AI-Assisted Segment Creation eliminates that setup burden entirely. Your team can now spend that time on campaign strategy, content selection, and performance analysis instead of field mapping. For marketing ops teams managing segment libraries at scale, the bulk upload capability means that what previously required days of manual configuration can be processed overnight with a clear success and failure report delivered directly to your inbox. Segments that would have taken an experienced user 20 minutes each to build manually can now be created from a spreadsheet row, processed by the AI, and saved to your library while your team is focused on other work.
The accuracy improvement matters just as much as the speed. Because the AI validates every rule against your provider’s actual field attributes before presenting results, the segments it builds use values that your data provider will recognize and match not approximations that look right but silently return empty audiences. The review step before saving gives you full visibility into what the AI interpreted from your query, so you can catch anything that needs adjustment before your segment goes live.
Prerequisites
PathFactory includes Demandbase as a built-in intent data provider, so most customers can use AI-Assisted Segment Creation without any additional provider setup. If your organization already has its own Demandbase instance, you can connect that instead through your account configuration. If your organization uses 6sense or ZoomInfo, that provider must be connected to your PathFactory instance before using this feature. AI-Assisted Segment Creation also requires both the core AI feature and the AI segment rules feature to be enabled for your organization. If the AI Assistant button is not visible on your Segments page, contact your PathFactory Customer Success Manager to confirm the relevant features are active for your account.
How It Works
When you describe a segment goal in plain English, PathFactory’s AI works through a multi-step pipeline before presenting any results. It first parses your query and identifies the key attributes you are describing: industry, geography, revenue range, company size, and so on. It then validates those attributes against your connected provider’s field attributes to confirm they map to real, supported fields. From there, it resolves the values you described, matching a term like “pharma” to the exact attribute value your provider uses, such as “Pharmaceuticals and Biotechnology” using a combination of exact matching, fuzzy matching, and semantic similarity search. Nothing is saved or written to your segment library until you explicitly review and confirm the results.
The results the AI returns are organized into two clear categories. Applied Rules are rules that the AI confirmed with high confidence. These are applied automatically and ready to save. Suggestions Available are rules where the AI found plausible matches, but wants your input before committing, typically because a term you used could map to more than one valid attribute value, or because a numeric range you specified maps to specific provider buckets that you should select manually. This two-step approach interprets first, executes only after review, which means the AI can be thorough and assertive in its interpretation without risking silent errors in your segment data.
For the bulk upload flow, the AI applies the same interpretation and validation logic to each row in your CSV file, processing segments in the background. Rows that pass validation are created automatically. Rows that cannot be processed are flagged in a failure report attached to your notification email, with a clear reason for each failure so you can take action.
The AI is aware of which intent provider your organization is using and applies that provider’s specific field attributes throughout. This means the same natural language query may produce slightly different field mappings depending on your provider, because each provider structures its attributes differently, and the AI accounts for those differences automatically.
How to Use It
Both flows begin in the same place: your Segments page in PathFactory. Navigate to Personalization and select Segments from the left sidebar. You will see the AI Assistant button in the top right corner of the page, marked with a NEW badge.

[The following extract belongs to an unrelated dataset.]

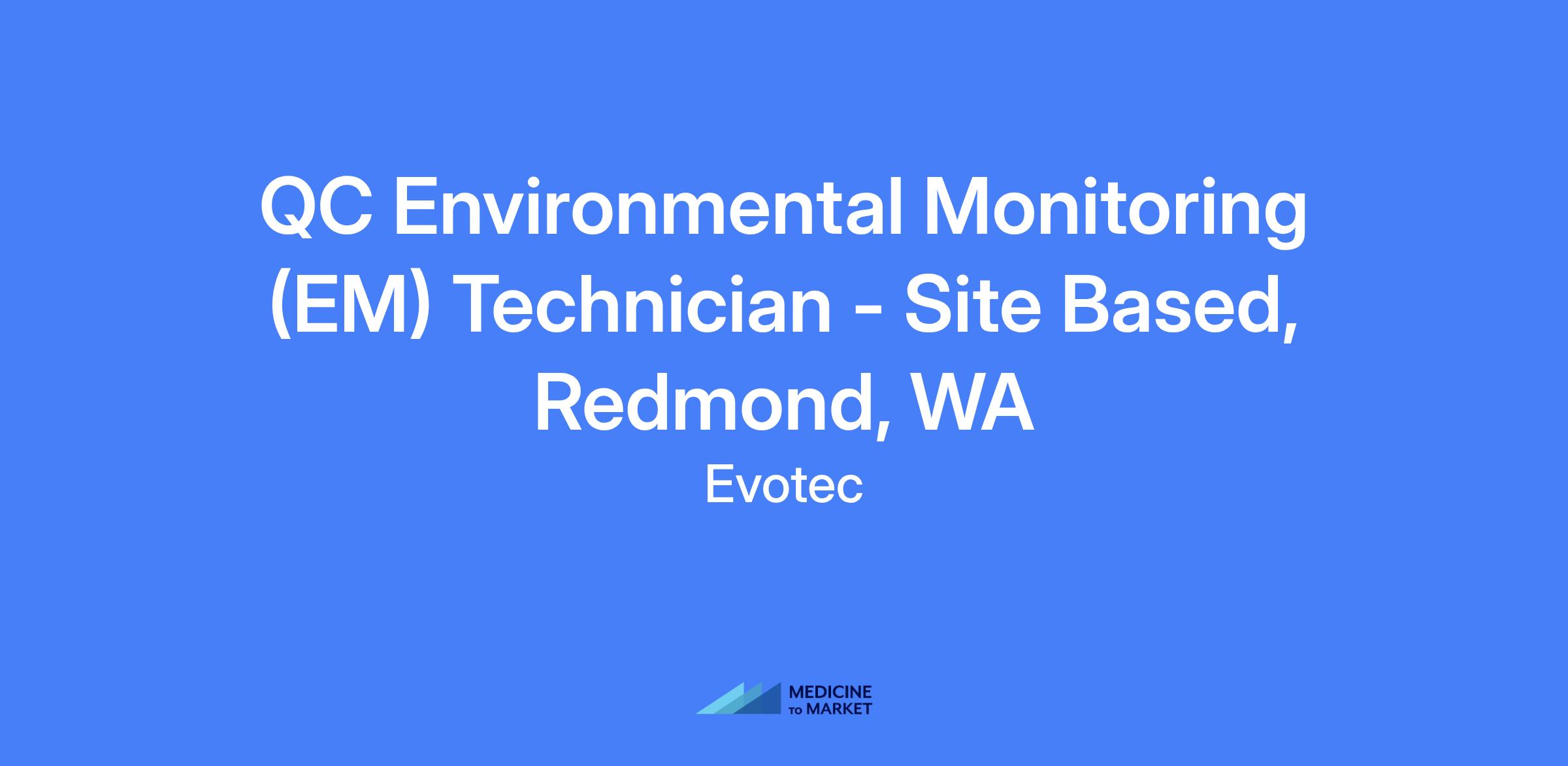 QC-Environmental Monitoring Technician at site-based Redmond, WA. Responsible for routine sampling of facility water, air, and surfaces in controlled environments, including ISO classified cleanrooms, supporting GMP manufacturing activities. Travel between Redmond and Seattle facilities as applicable.

Creating a Single Segment with AI
1 Open the AI Segment Builder. Click the AI Assistant button. The AI Segment Builder modal opens with two tabs: Single segment and Bulk upload. Single segment is selected by default. You will see a text field, a set of Quick Start cards for common targeting scenarios, and example query cards to help you get started.

2 Describe the audience you want to target. Type a plain-English description of your target segment in the text field. Be as specific as you can, including the industry, geography, revenue range, company size, or any other attributes relevant to your campaign. For example: “Create a segment for pharma and biotech companies in North America with revenue over $1B.” You can also click any of the Quick Start cards to pre-fill a common query, then refine it from there. The character counter at the bottom right shows how much of the 500-character limit you have used.
3 Click Generate. The AI begins processing your request. A progress view shows each stage completing in sequence: parsing your query, understanding your intent, validating fields, resolving attribute values, and preparing results. This process typically takes a few seconds.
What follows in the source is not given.